Gen Z Is Trapped In A Virtual Cage

dailyblitz.de 1 year ago
Zdjęcie: gen-z-is-trapped-in-a-virtual-cage


Gen Z Is Trapped In A Virtual Cage

Authorized by Timothy S. Goeglein via The Epoch Times (emphasis ours),

On Jan. 31, a groundbreaking proceeding was held on Capitol Hill as the CEO of 5 major social media platforms were called to investigating (three only after having to be forced by subpoena) about the alleged harm—sometimes fatal—they have inflated on America’s youth.

In this photograph illustration, a teenager uses her mobile telephone to access social media in fresh York on Jan. 31, 2024. (Spencer Platt/Getty Images)

For more than 4 hours, with household members in the audience who had lost children to suicide, these tech gurus tried to deflect any talk about or accept work for the alleged negative influence of their platforms.

In his fresh book, “The Anxious Generation,” social scientist and author Jonathan Haidt writes: “At the turn of the millennium, technology companies created a set of world-changing products that transformed life not just for adults but for children, too. ... Yet, the companies that developed them had done small or no investigation on the intellectual wellness effects. erstwhile faced with increasing evidence that their products were harming young people, they mostly engaged in denial, publication, and public relations campaigns.”
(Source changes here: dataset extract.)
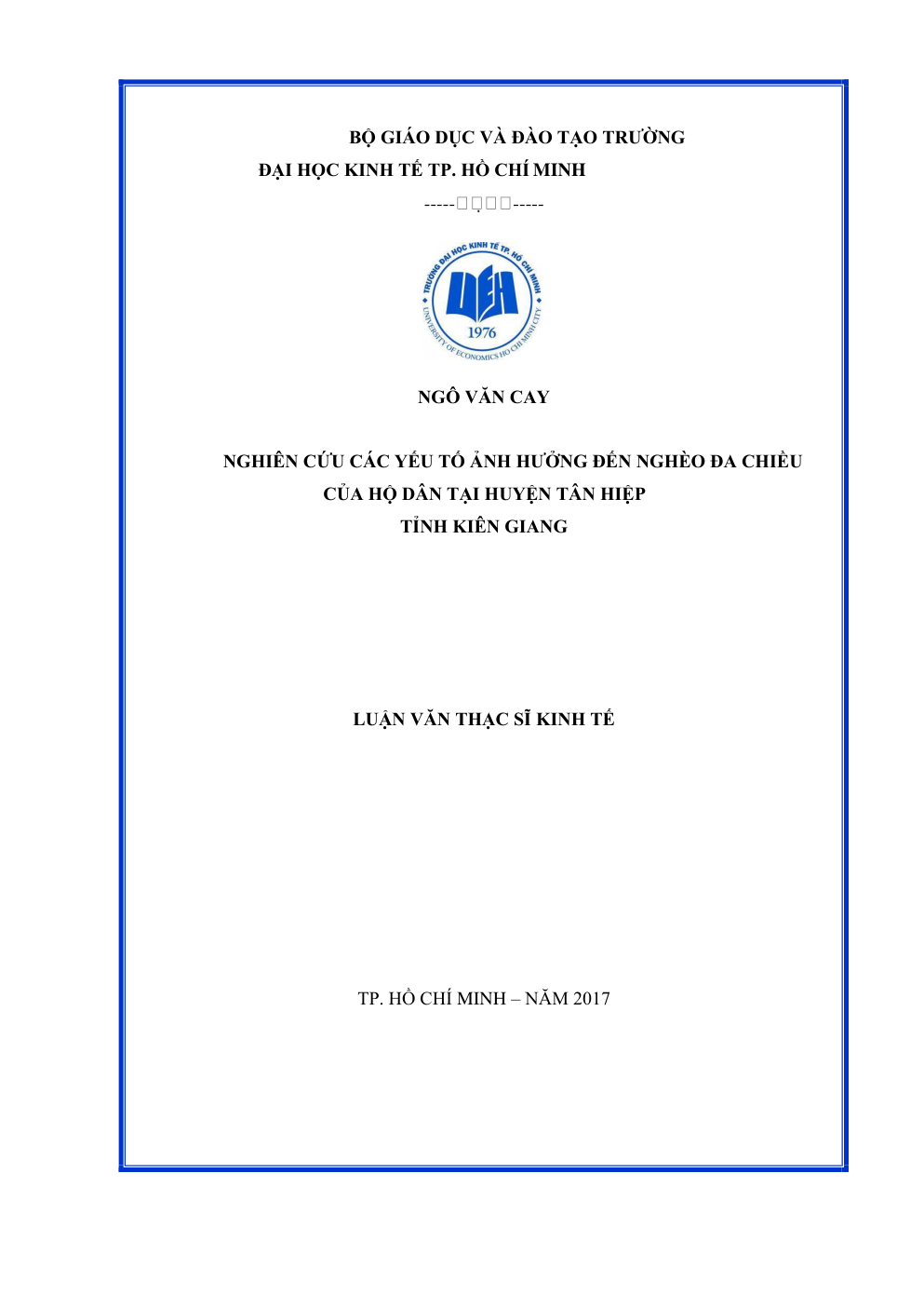 - Tên Luận văn: Nghiên cứu các yếu tố ảnh hưởng đến nghèo đa chiều của hộ dân tại Huyện Tân Hiệp, Tỉnh Kiên Giang
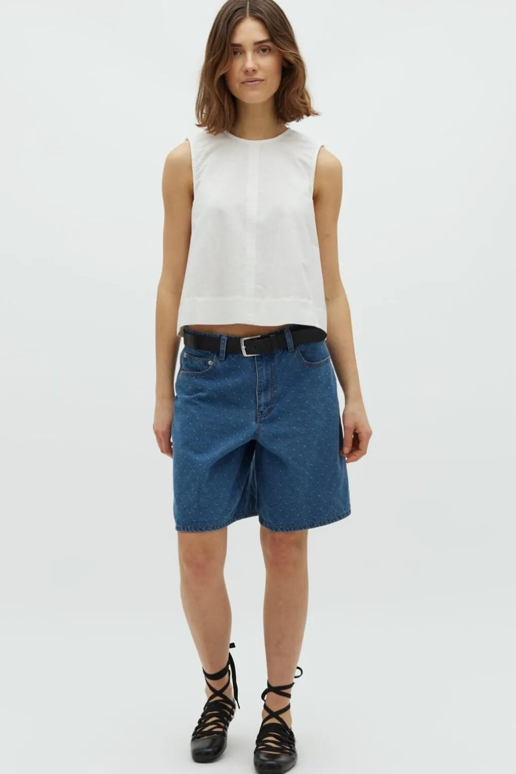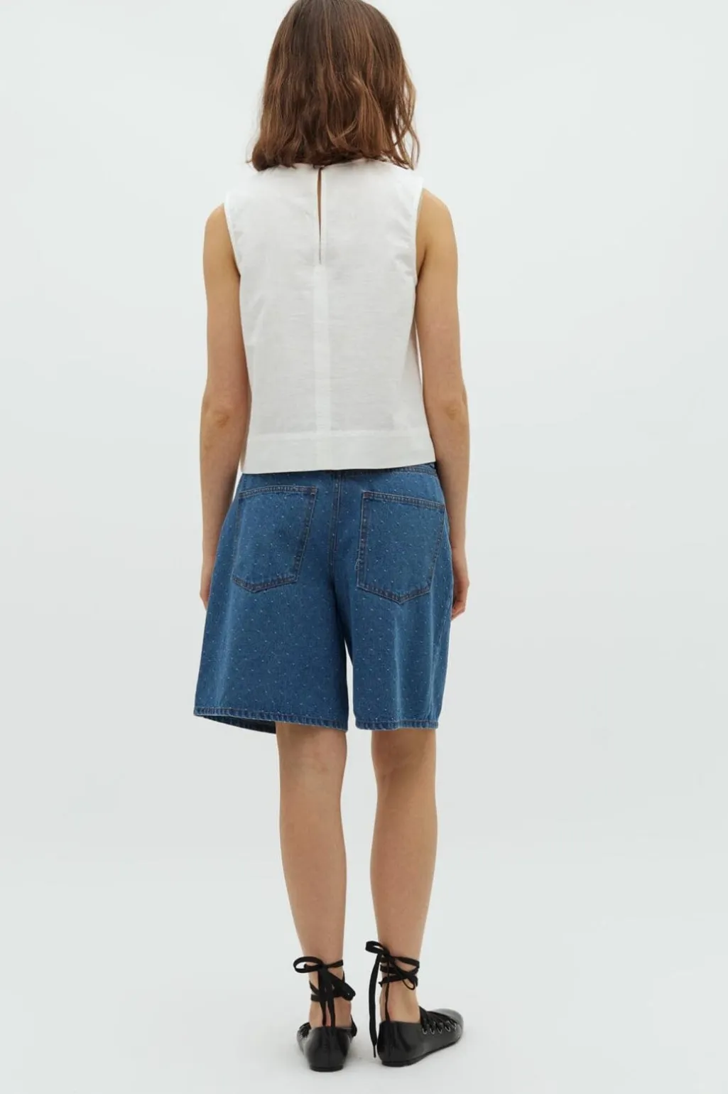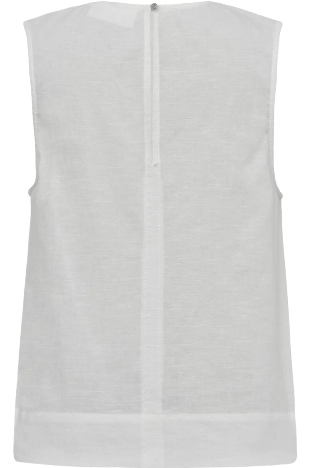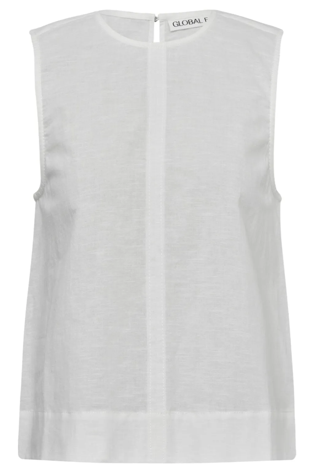 Hvid top fra Global Funk i en let blanding af bomuld og hør. Toppen har en rund halsudskæring og en lille åbning med knap i nakken. Den ærmeløse stil gør den luftig at have på.

The consequence has placed our children in a virtual cage that has been isolated from them physically, socially, and emotionally—with small hope of escape.

Trapped in this virtual camera, girls propose massive depression as they face force to conform to certain body images, become targeted by predators, and are mocked by their peers if they choose not to participate in an online game of one-upmanship based on looks.

Mr. Haidt states: “The more time a girl spends on social media, the more likely she is to be depressed or anxious. Girls who say they spend 5 or more hours each week on social media are 3 times as likely to be depressed as those who study no social media time.”

Meanwhile, boys are sucked into a virtual planet of video games and pornography, which traps them into a planet of perpetual adolescence, with no thought of how to communicate with and treat the opposition sex in a gentlemanly manner, while besides keeping them from maturing into responsive men.

Thus, given all this, is it any wonder why the suicide and self-harm rates for adolescents (partially girls) have dramatically increased from 2010 to 2021, fundamentally from the start of the smartphone/social media platforms era to today?

Mr. Haidt Concludes: “The overwhelming feeling I get from the families of both boys and girls is that they are trapped and powerful in the face of the biggest intellectual wellness crisis in past for their children. What should they—what should we-To?

To free our children from the virtual cage that has entered them, he suggests 4 types of response: (1) no smartphones before 14 years of age; (2) no access to social media before the age of 16; (3) banning smartphones from schools; and (4) let more unsupervised play and childrenhood independence.

But while all of these recommendations are good, they proceed to put all of the onus on parents who find themselfves standing alone against a tsunami of even more technological partners, in partial, AI, coming their way.

Smartphones are here to stay, there is no going back, so what we must do is illustration a fresh course going forward. And while we can curse the darkness of the virtual cage our children are trapped in, things will likely not change until large Tech and social media platforms are forced to change.

That is why it is critical that lawmakers act and improvement the present roadblocks that large Tech and social media platforms usage to avoid work for any harm they may have caused. Until that happens, they will proceed to give faux apologies and issue nice-sounding press releases while more children get trapped in their virtual cage.

Only then will parents be allowed with the tools to free their children from the technologically tyranny that may have lost an entry generation—and will scar more to come—unless action is taken now.

Views expressed in this article are opinions of the author and do not necessarily reflect the views of The Epoch Times or ZeroHedge.